In the EU, concertation is understood as a form of coordination which though, has not reached the stage of an agreement, but, still is inherently anti-competitive in nature. The laws in the EU have developed in a manner where three components have been identified to conclusively establish concerted practices. They are: concertation; subsequent conduct of the competitors; and a cause and effect relationship between the two.

‘Concertation’ is understood as a form of coordination between the competitors in which without even reaching the stage of an agreement, all the players substitute the practical cooperation among them for the risks of competition. This coordination then culminates into active conduct of parties in the market where, as a result of this understanding they align their practices uniformly hence, developing a cause and effect relationship.

The case of T-Mobile Netherlands is one of the pivotal cases in this regard.
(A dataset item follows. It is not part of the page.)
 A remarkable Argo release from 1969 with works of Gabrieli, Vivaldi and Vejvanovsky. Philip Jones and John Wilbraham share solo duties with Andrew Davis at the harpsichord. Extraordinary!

It laid down that each economic operator i.e. the enterprise or undertaking should ‘independently’ determine the policy which it seeks to implement in the market. If competitors exchange information, they compromise this principle and knowingly undertake the risks of disrupting competition.
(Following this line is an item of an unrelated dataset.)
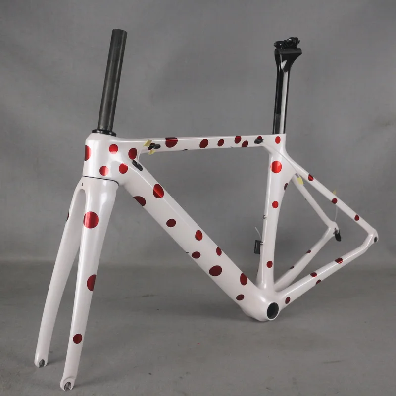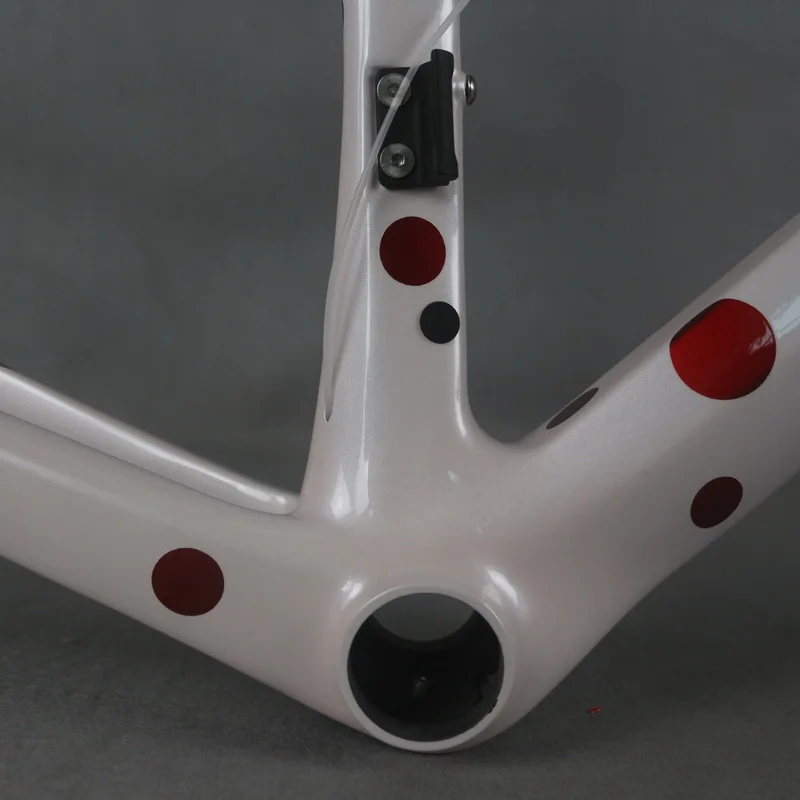 TT-X1 товара (рама/вилка/подседельный штырь) Размер: XXXS/XXS/XS/ S/M/ L Отделка: черная матовая отделка Тип: рама для гоночного велосипеда Материал: углеродное волокно Hight ModulusToray T800 Вес оправы: 1132 г/+-45 г (42,8 см) Вес вилки: 388/+-15 г, Вес стойки сиденья: 214/+-10 г Тип нижнего штабеля: BB86 Гарнитура: 1-1/8 ”,1-1/2” Размер колес: 700X25C/28c Страна происхождения: Гуандун Китай Гарантия: 2 года Происхождение: Гуандун, Китай

The European competition regulator assesses the cases pertaining to exchange of information according to the Guidelines on the applicability of Article 101 of the TFEU to horizontal cooperation agreements  (Horizontal Guidelines”). The approach in the EU is to consider a host of factors before concluding whether the information exchange was detrimental in nature. These include the time period to which the data pertains, frequency of information exchange, the nature of the market etc.[iii]
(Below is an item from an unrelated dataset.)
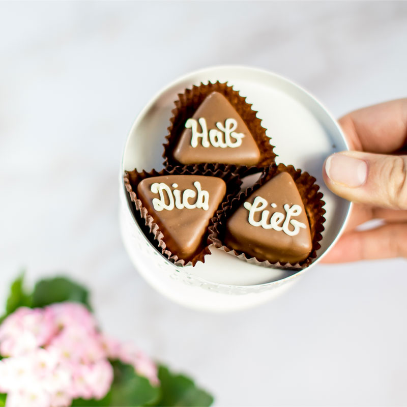 Mandel-Sahne-Nougat trifft auf edle Vollmilchschokolade. Die Nougat Pralinen Hab Dich Lieb könnten nicht leckerer sein: zart schmelzendes Mandel Sahne Nougat umhüllt von edler Vollmilchschokolade und verziert mit einem Hauch weißer Schokolade sorgen für eine Aufmerksamkeit der besonderen Art. Senden Sie süße Botschaften an Ihre Lieben an Muttertag, Vatertag oder anderen Herzensanlässen mit oder gönnen Sie sich selbst eine kurze Auszeit mit unseren Nougat Pralinen.

An important observation here will be regarding the exchange of information in an oligopolistic market where it becomes necessary to factor in the structure of the market in order to conclude whether the information exchanged was due to the acts of the competitors or was an outcome of the structure of the market.  Further, whether the information exchanged was genuinely public in nature is also a factor considered by the EU competition regulator.[iv]

The regulator takes a hard stance towards exchange of information and the concerted action that follows. In the Eturas case, the dispatch of a message to travel agents through an e-commerce facility was held to be an anti-competitive practice.  Moreover, the European Court of Justice has, in the case of AC Treuhand  confirmed the liability of a cartel facilitator and held that AC Treuhand acted as a platform for competitors to exchange commercially sensitive information.

The Way Forward

With the recent jurisprudential trend in the Indian competition regime where the Commission has relaxed its approach towards information exchange, it becomes necessary to look towards established jurisdictions like the EU.

It is imperative for the Commission to frame a set of guidelines for firms to follow in respect of information exchange. Moreover, competition advocacy[v] should make competitors understand that sharing certain commercially sensitive information can attract scrutiny under provisions of the Act.

As the nature of the markets all across the globe are becoming more convoluted, the competition watchdogs need to prepare themselves for even complex problems in the competition regime. With market structures changing and new technology coming in, exchange of information has become a general phenomenon between parties. Oligopoly and Oligopsony are market structures where the exchange of information can be a natural cause of the market structure or can be a form of tacit collusion. Such intricate problems require potent and strong competition policy in place. Hence, the Indian competition regime should actively study different market structures, identify the nature of information that can remove ‘strategic uncertainty’ from the market and work towards enforcing a stringent stance on such anti-competitive activities.

End notes

[i] The Competition Act 2002, §. 19(3).

[ii] Article 101(1) of the Treaty on the Functioning of the European Union.

[iii] Horizontal Guidelines, ¶¶ 86-93.

[iv] Horizontal Guidelines, ¶ 94.

[v] The Competition Act 2002, §. 49.